Foxp3 staining

FITC-, PE-, PE-CY7, APC-, APC-CY7 or Percp-labeled antibodies to CD3 (145-2C11), CD45 (30-F11), CD4 (GK1.5), CD8α (53-6.7), CD11b (M1/70), CD11c (N418), B220 (RA36B2), CD25 (PC61), NK1.1 (PK136), PD-L1 (MIH5), FoxP3 (NRRF-30), IFN-γ (XMG1.2), TNF-α (MAb11), CD49 (DX5), and CXCR3 (CXCR3-173) and isotype-matched control antibodies were purchased from Biolegend (antibodies to CD3, CD4, CD8, CD45,CD11b, CD11c, B220, CD25, PD-L1, FoxP3, IFN-γ, TNF-α, CD49, CXCR3, and control antibodies) or BD Biosciences (antibodies to NK1.1 and control antibodies). For identification of cellular phenotypes, disassociated cells from tumors or spleens were suspended in PBS containing 1% bovine serum albumin and incubated with the antibodies on ice for 30 min. Cells were fixed in 1% paraformaldehyde in PBS after washing.
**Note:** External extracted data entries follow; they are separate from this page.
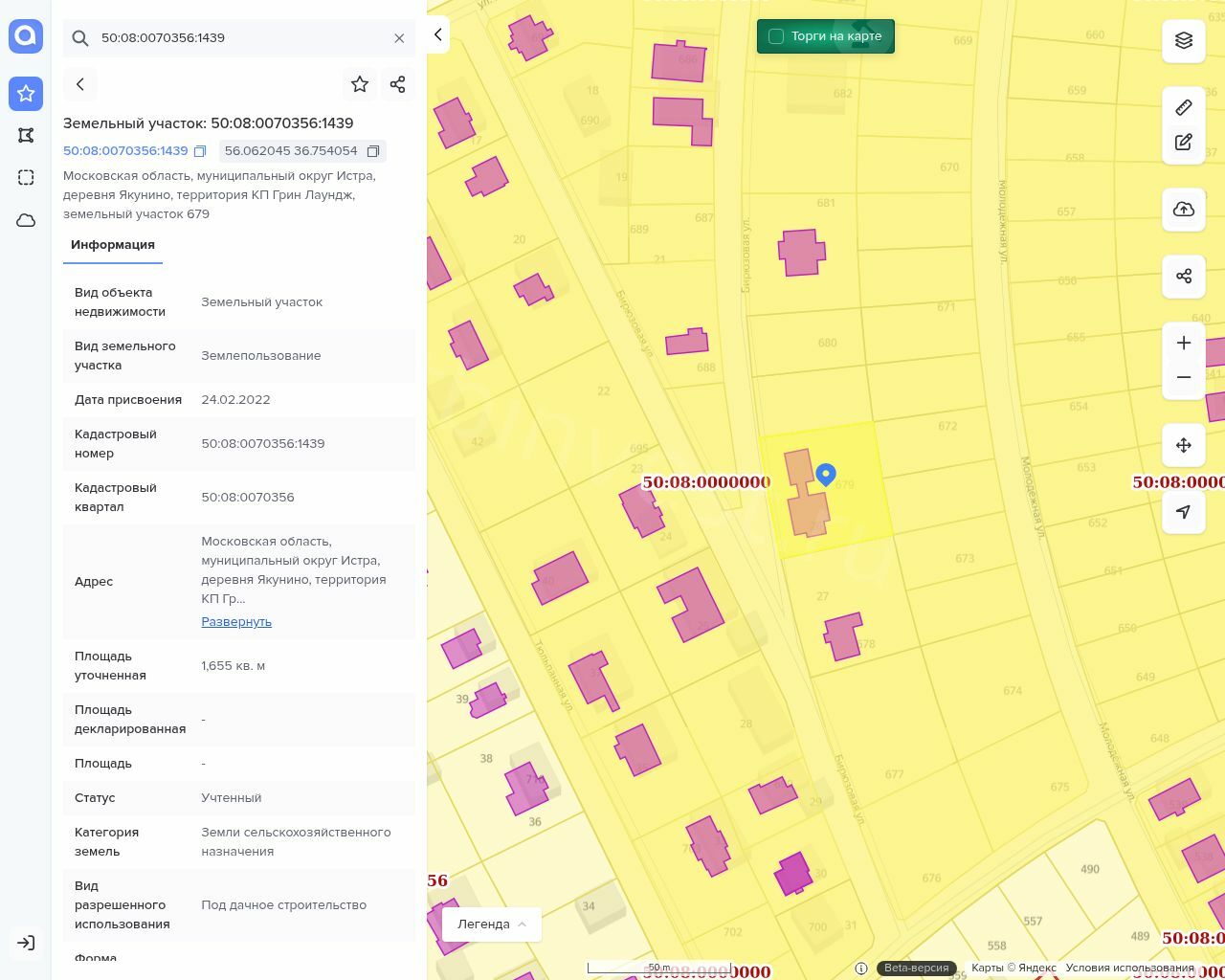 Адрес: Российская Федерация, Московская область, городской округ Истра, д. Якунино, территория КП Грин Лаундж, уч. 679.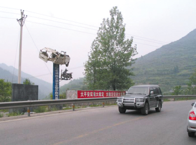 最牛安全警示:報(bào)廢車20米高空“示眾”(圖)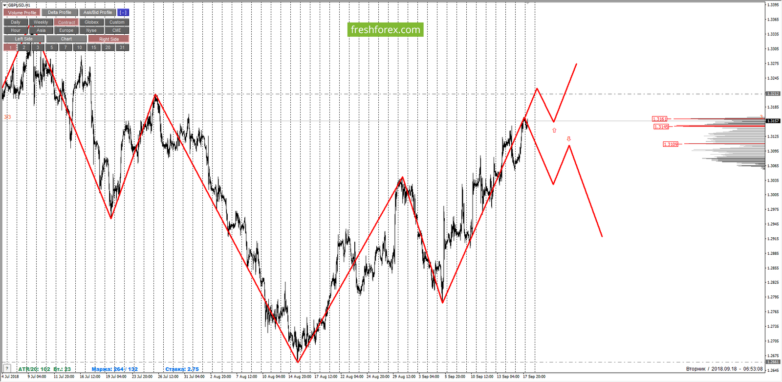 Внутридневные цели: обновление максимумов от 17.09.2018 (1.3164), среднесрочные цели: тест нижней границы СНКЗ – 1.3265.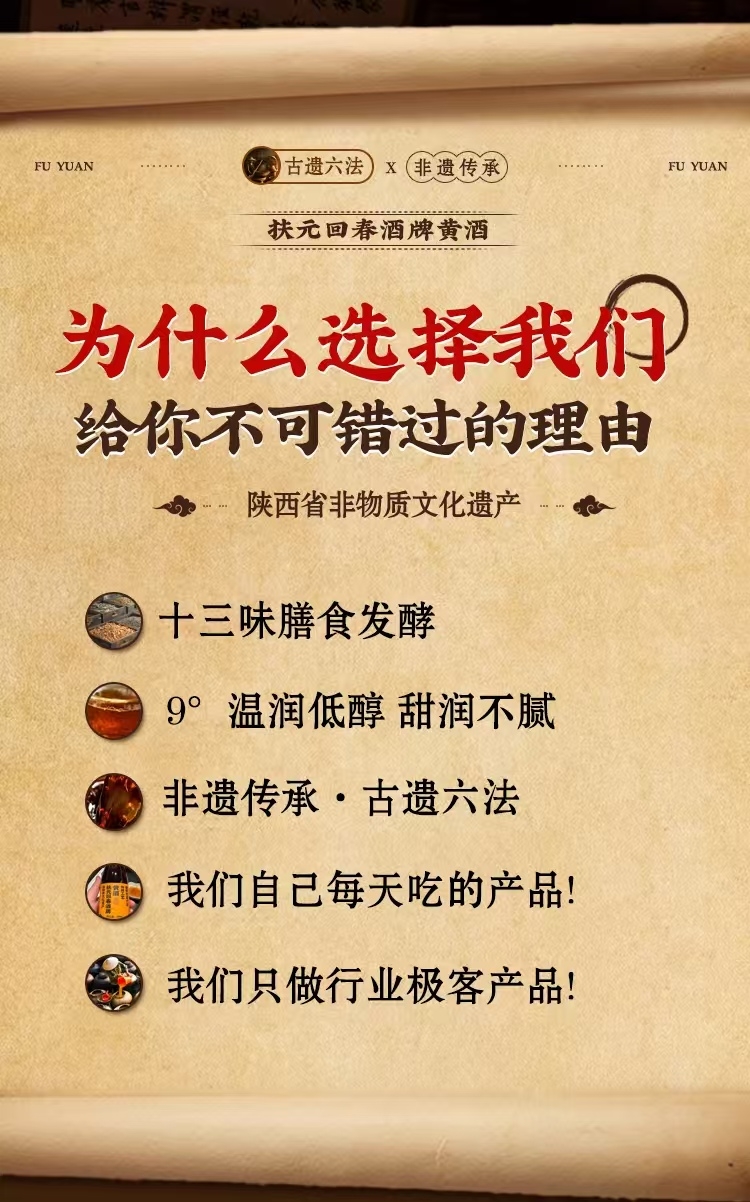 作为养生调理的首选产品,具备无可替代的核心优势。该产品为陕西省非物质文化遗产,坚守传统古法六法酿造工艺,全程采用手工匠心酿制,每一道工序均凝聚着老匠人的专业坚守与匠心传承。从优质谷物原料的甄选,到自然发酵、陶坛陈藏,再到手工灌装,全程杜绝工业勾兑与任何添加剂,严格遵循古训标准,既保留了黄酒最本真的温润风味,又锁住了原料本身的营养成分。这份坚守不仅实现了酒体品质的双重保障,更推动了传统酿造技艺的传承与延续,使扶元回春黄酒不仅是一款口感上乘的养生佳酿,更成为承载陕西地域文化与中华养生智慧的重要载体,兼具饮用价值与传承价值。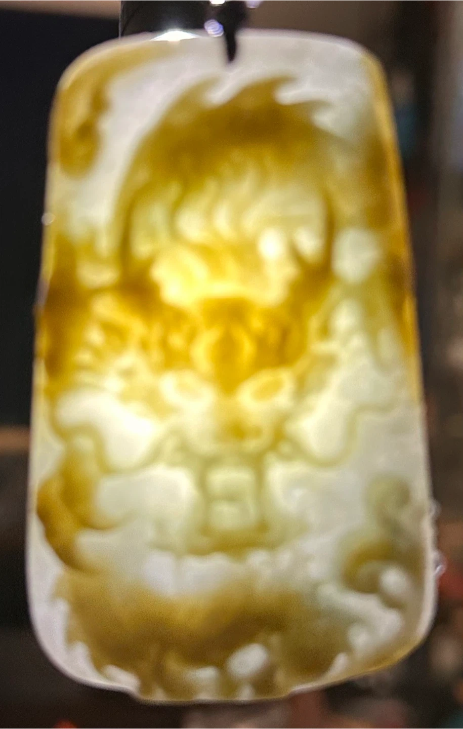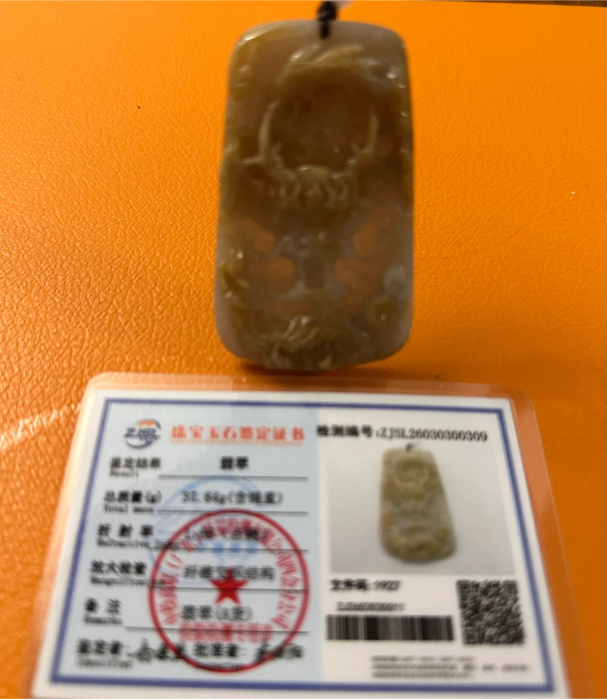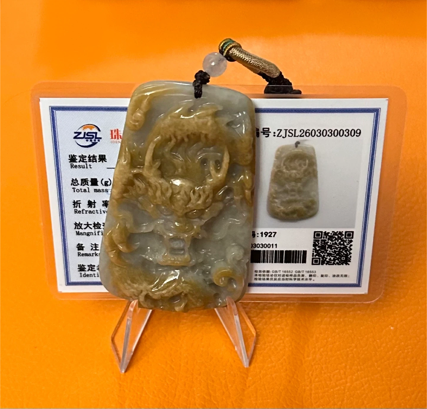 A carved RARE jade pendant featuring a dragon design. It weighs 32.84g and comes with authenticity certificate. This piece is suitable for those who appreciate intricate stone carvings.

For intracellular cytokine staining, cells were stimulated in culture medium for 4 h in the presence of Leukocyte Activation Cocktail, with BD Golgi^Stop (1: 500; BD Biosciences). Viable cells were then fixed and permeabilized with transcription staining buffer set (eBioscience) and stained with respective antibodies to cytokines. FoxP3 staining was performed according to manufacturer’s protocol (eBioscience). Stained cells were analyzed on a FACSCalibur or FACS Canton flow cytometer, and data were analyzed using the flowjo software.